→ Work task: The answer must be an exact copy of the lines from the one with "John B. Weller, U.S." through the final line below, with no pictures and nothing else.
***** Data provided *****
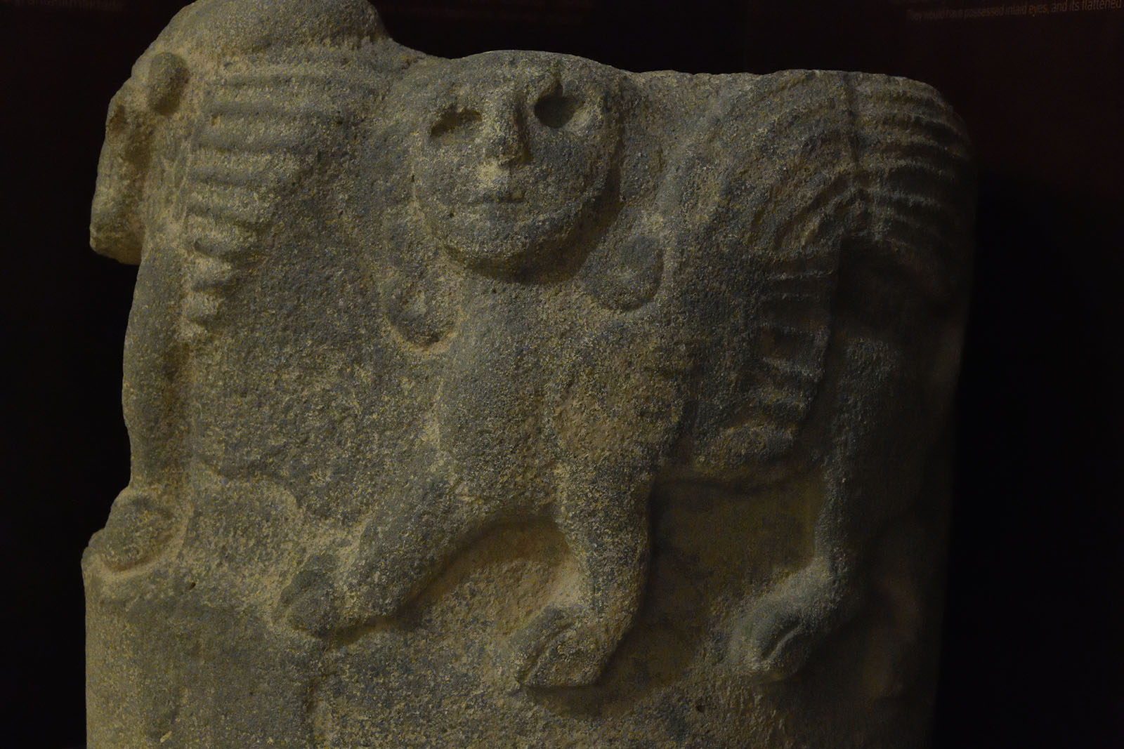 Basalt, 9th century BC. A winged bull was a “Lamassu”, it and a spinx were typical Syro-Mesopotamian symbols of power and royalty. They would have possessed inlaid eyes, and its flattened surface suggests it would have stood against the interior of a doorway, to protect against evil spirits. Found in a pit adjacent to the statue of King Shupiluliuma.
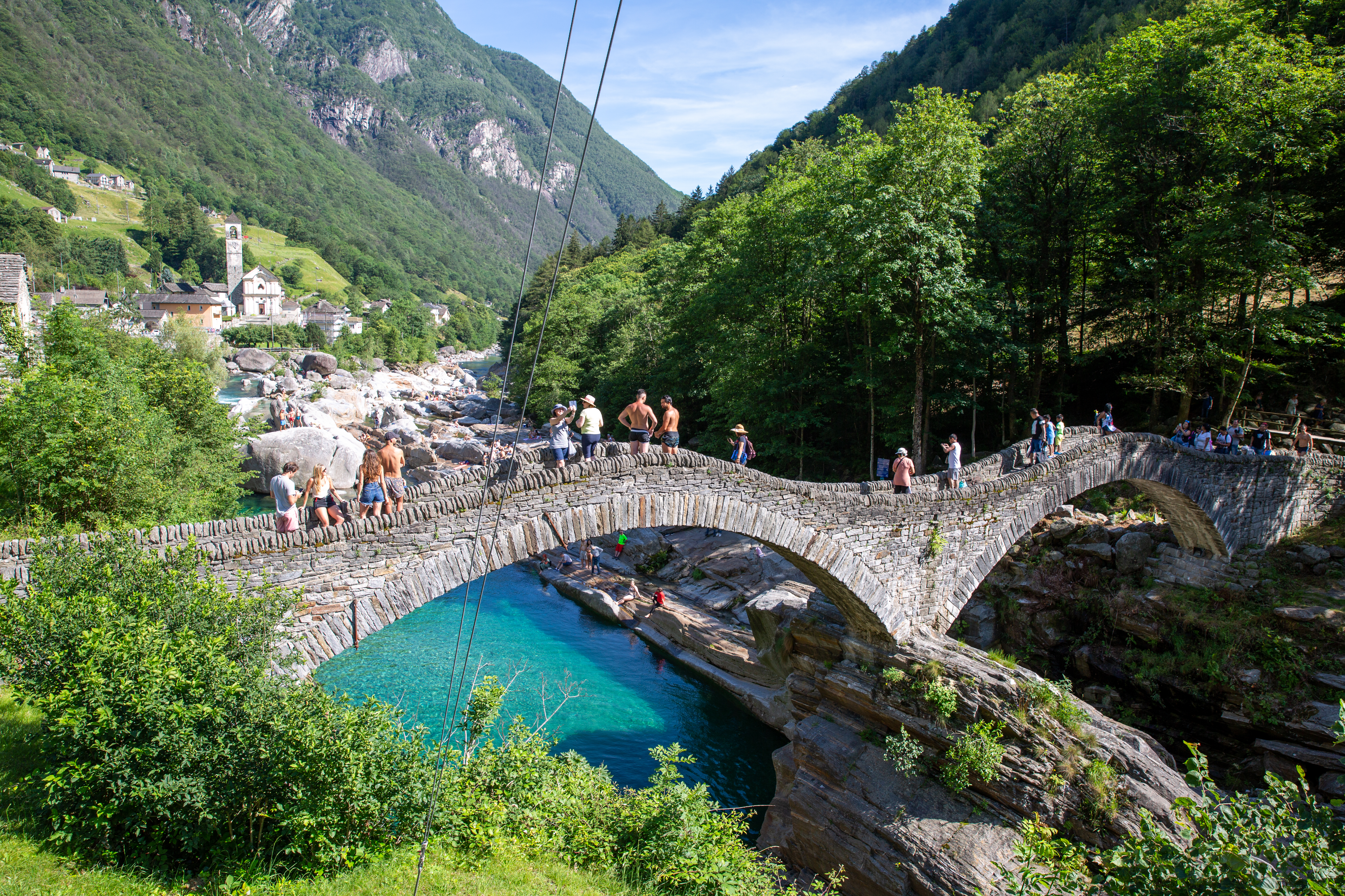 Ponte dei salti
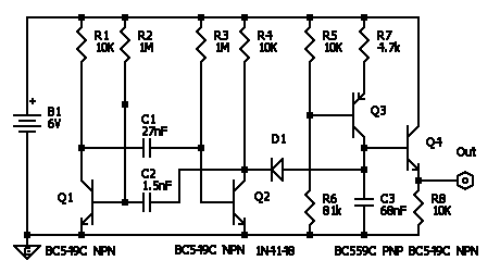 Sawtooth oscillator with a small-pulse width astable multivibrator periodically shorting a capacitor, a constant current source and an emitter follower output stage
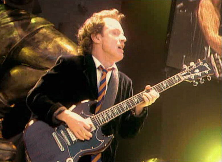 Angus Young, lead guitarist of the hard rock band "AC/DC" Made June 2001, Munich, Germany
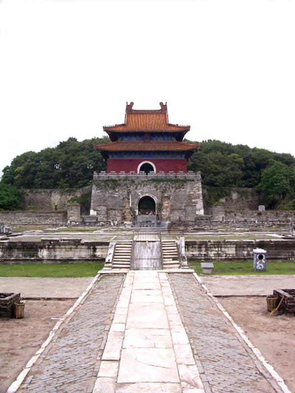 "Minglou" (a kind of buildings) and "baoding" (a kind of building decoration) in Mingxian Mausoleum
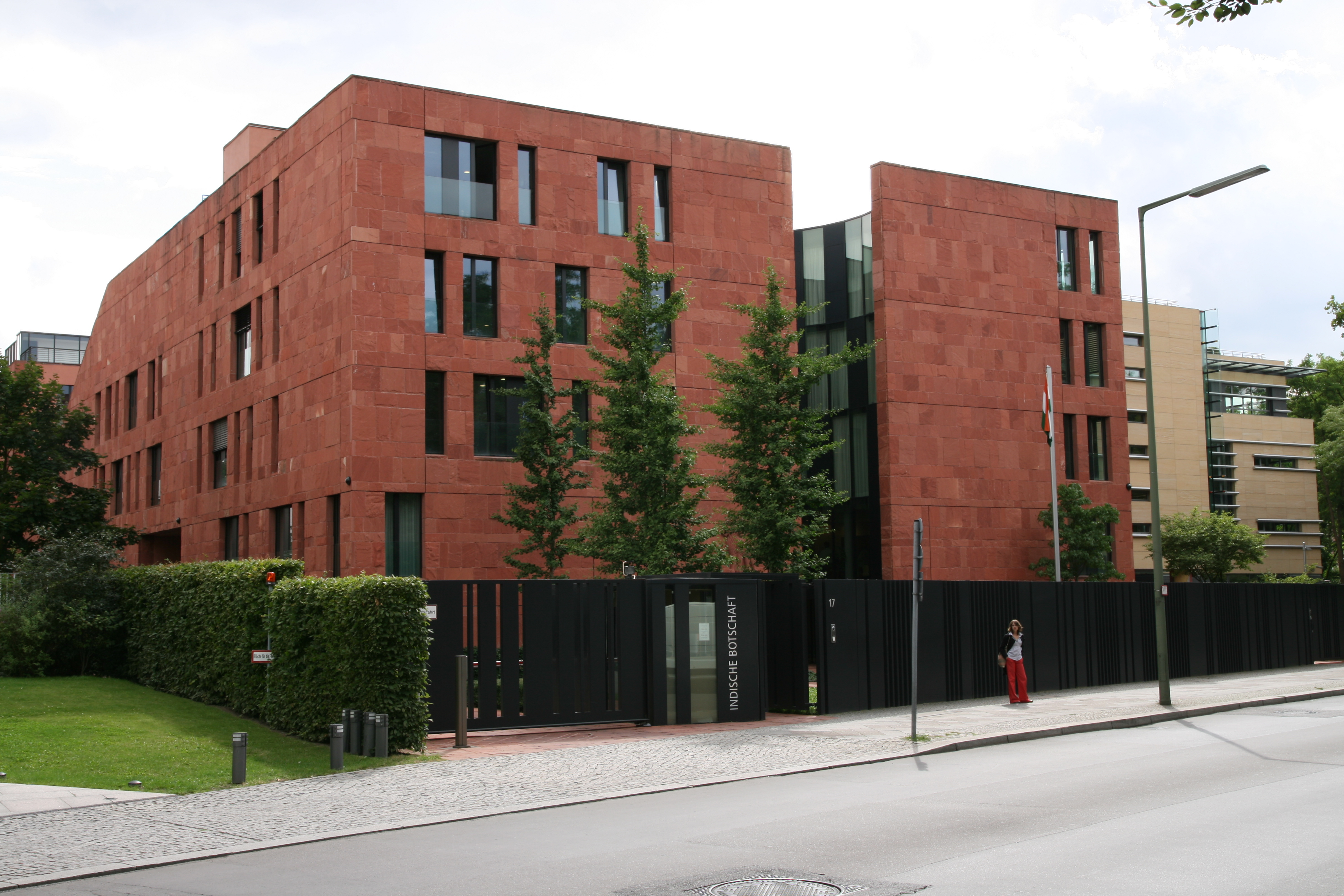 The Indian embassy in Berlin, photographed from across Tiergartenstraße.
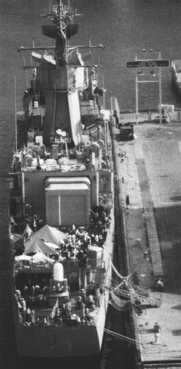 The U.S. Navy frigate USS Moinester (FF-1097) serving as a temporary home for some 200 Haitian refugees at Guantanamo Bay, circa in December 1991. In late November 1991 the frigate was steaming near Guantanamo Bay, Cuba, when lookouts spotted a 12 m sailboat in distress. Aboard were 198 refugees from Haiti that Moinester rescued and brought to Guantanamo Bay.
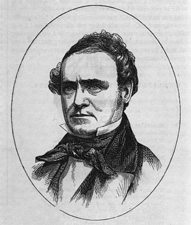 John B. Weller, U.S. Congressman, U.S. Senator, California governor, U.S. Ambassador to Mexico
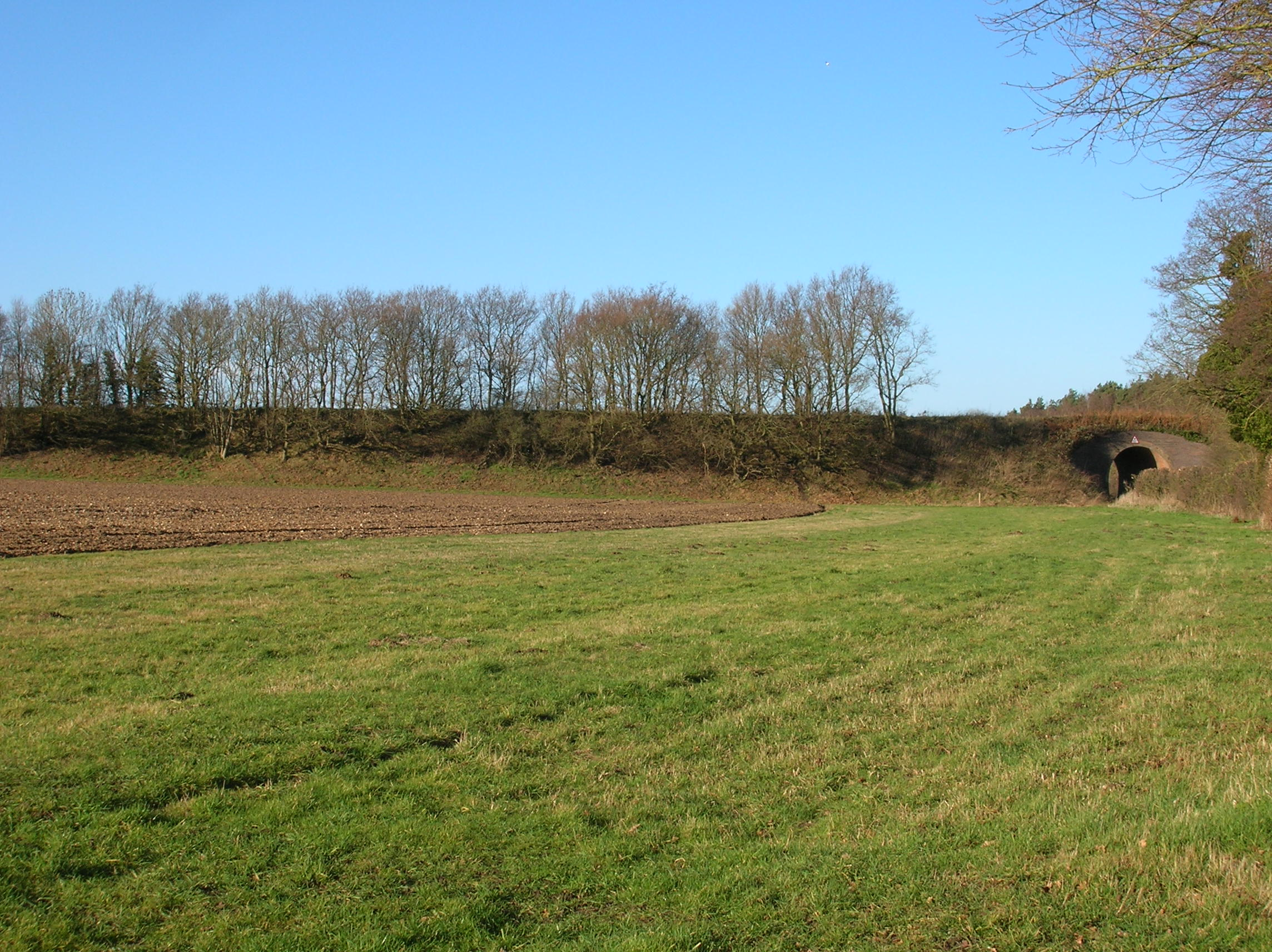 The former M&GN Cromer Beach branch near Stody. Proposed for restoration as part of the Norfolk Orbital Railway.
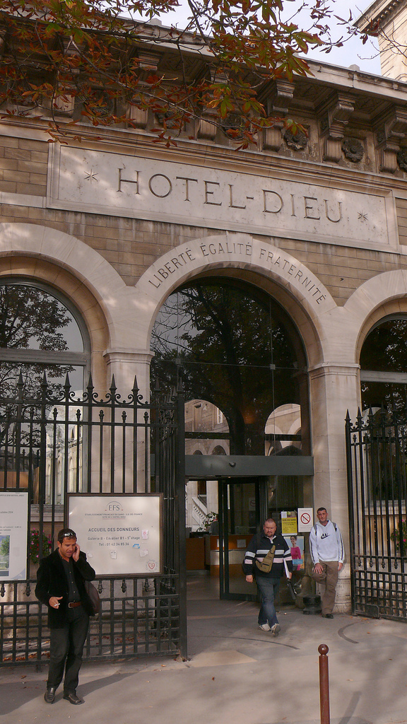 The south facade of Hôtel-Dieu de Paris
*****
→ Exercise answer:
 John B. Weller, U.S. Congressman, U.S. Senator, California governor, U.S. Ambassador to Mexico
 The former M&GN Cromer Beach branch near Stody. Proposed for restoration as part of the Norfolk Orbital Railway.
 The south facade of Hôtel-Dieu de Paris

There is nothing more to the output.